As I moved to Resolve I was forced to change my Vegas Movie Studio dashcam processing workflow a bit. Not only you cannot use MP4 under Linux at all, but MP4 presents challenges to the free Resolve under Windows too.
The first step I take for all dashcam footage is to convert it using ffmpeg to DNxHR LB. Not only it’s a well-supported intermediary codec that increases performance significantly, but it also get’s rid of any nonsense my dashcam puts in the clip. And 36 Mbps is more than enough for anything my dashcam can throw at it. Instead of converting clip-by-clip, I opted to merge them all into a single file - that’s the reason behind weird syntax:
ls *.MP4 | awk '{print "file \x27" $1 "\x27"}' | ffmpeg \
-f concat -safe 0 -protocol_whitelist pipe,file -i - \
-c:v dnxhd -profile:v dnxhr_lb -q:v 1 -pix_fmt yuv422p -an \
^^dashcam.mov^^
Once all these videos are imported into Resolve, I go over them removing any clip portions when car is not moving.

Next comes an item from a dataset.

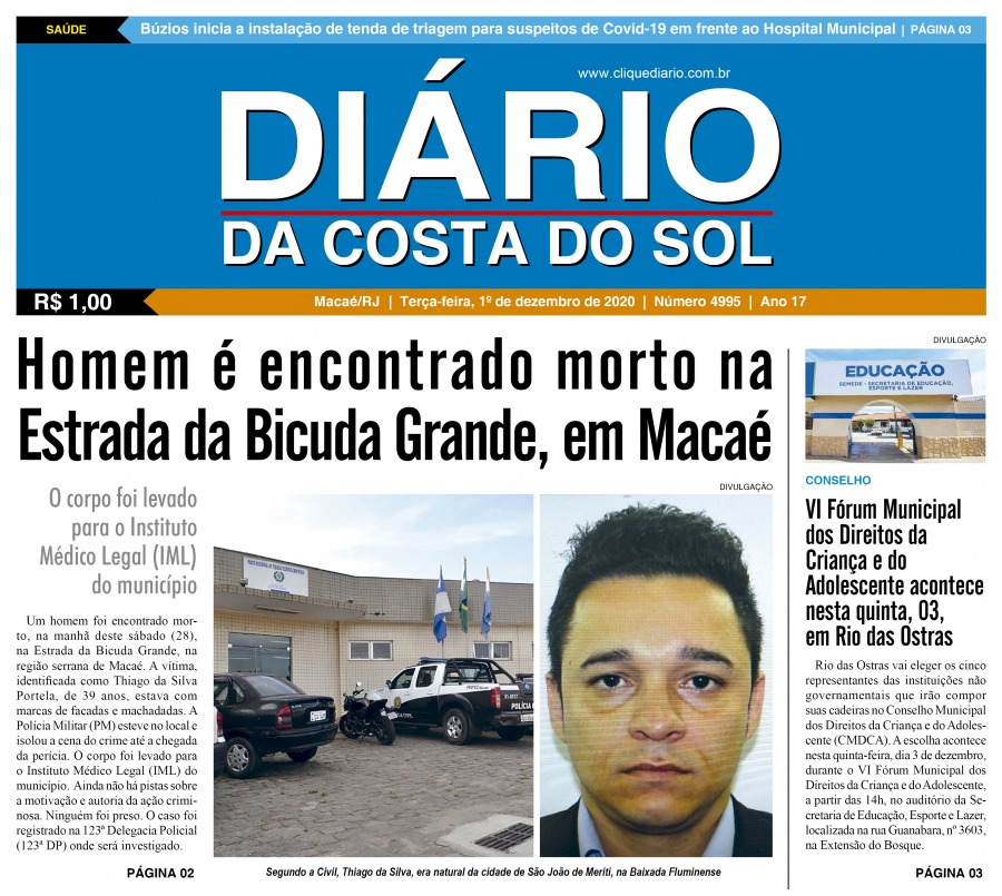 Edições Impressas Edição de terça-feira 01/12/2020 nº 4995 Publicado em 01/12/2020 - 00:40 Escrito por Fernando Vitor Notícias relacionadas:destaque Seguinte Edição de quarta-feira 02/12/2020 nº 4996 Anterior Edição de sábado a segunda-feira 28 a 30_11_2020 nº 4994 Fernando Vitor Notícias Recentes Iguaba13 horas atrás Menina de Iguaba Grande realiza sonho e conhece o príncipe William no Rio de Janeiro Arraial do cabo13 horas atrás Arraial do Cabo é exemplo de tranquilidade na Região dos Lagos, segundo dados do ISP Arraial do cabo13 horas atrás Festival em Arraial do Cabo promete recorde de público com mais de 15 mil pratos e 10 mil litros de chope Arraial do cabo13 horas atrás Oficina une saúde, cidadania e acolhimento em Arraial do Cabo Arraial do cabo14 horas atrás Sucesso de público marca o primeiro dia da Arraial Expo XP Cabo Frio14 horas atrás Prefeitura de Cabo Frio premia autoras com experiências culturais e incentivo à leitura Cidades14 horas atrás Macaé realiza audiência pública do Projeto Macaé +20 no dia 10 de dezembro Polícia15 horas atrás Polícia Militar recupera celulares roubados após série de assaltos em Campos Educação15 horas atrás Mostra cultural do CIEP Mestre Marçal lota o Teatro de Rio das Ostras Polícia15 horas atrás Polícia prende 3 homens envolvidos com o tráfico em Rio das Ostras Clique Diário E. L. Mídia Editora Ltda CNPJ: 09.298.880/0001-07 Redação: Rua Tupinambás 122 Gloria – Macaé/RJ comercial@diariocs.com (22) 2765-7353 (22) 999253130 Mais lidas da semana Arraial do cabo2 dias atrás Arraial do Cabo celebra 3ª edição do Festival de Frutos do Mar com entrada livre; Carol Biazin, Ramona Rox, Liah Soares e mais Cidades4 dias atrás HFM ganha novo Pronto-Socorro moderno e ampliado em Campos Meio Ambiente3 dias atrás Programa do governo estadual promove limpeza de rio no Âncora, em Rio das Ostras Turismo5 dias atrás Saquarema celebra reconhecimento de projeto pelo Ministério do Turismo

For any stops where state around car changes (e.g. waiting for traffic light), I use smooth cut to transition from one state to another. Other than that, I leave footage as is.
Once I’m done with editing I export the whole video into DNxHR SQ VBR. If I hadn’t done any editing, exporting to DNxHR LB would be fine as generational loss is quite acceptable. However, with all smooth cuts I’ve made, a temporary bump in video quality is beneficial. Especially since this is not the final output.
As I don’t expect to edit these clips again, the final output is H.264 as it’s size savings cannot be ignored. I usually use two-pass encoding with 6 Mbps average rate. You can use veryslow
preset to increase quality at the cost of speed but improvement is minimal so I simply go with the default of medium:
ffmpeg -i ^^render.mov^^ \
-c:v libx264 -pix_fmt yuv420p -b:v 6M \
-an -y -pass 1 -f mp4 ^^render^^.mp4
ffmpeg -i ^^render.mov^^ \
-c:v libx264 -pix_fmt yuv420p -b:v 6M \
-an -y -pass 2 -f mp4 ^^render^^.mp4
rm ffmpeg2pass-0.log*
And that’s it - final video is similar enough in quality while not taking extreme amounts of disk space.
PS: I am not using H.265 at this time because I find it even more trouble to work with than H.264 is. I might think about it in the future as support for it increases.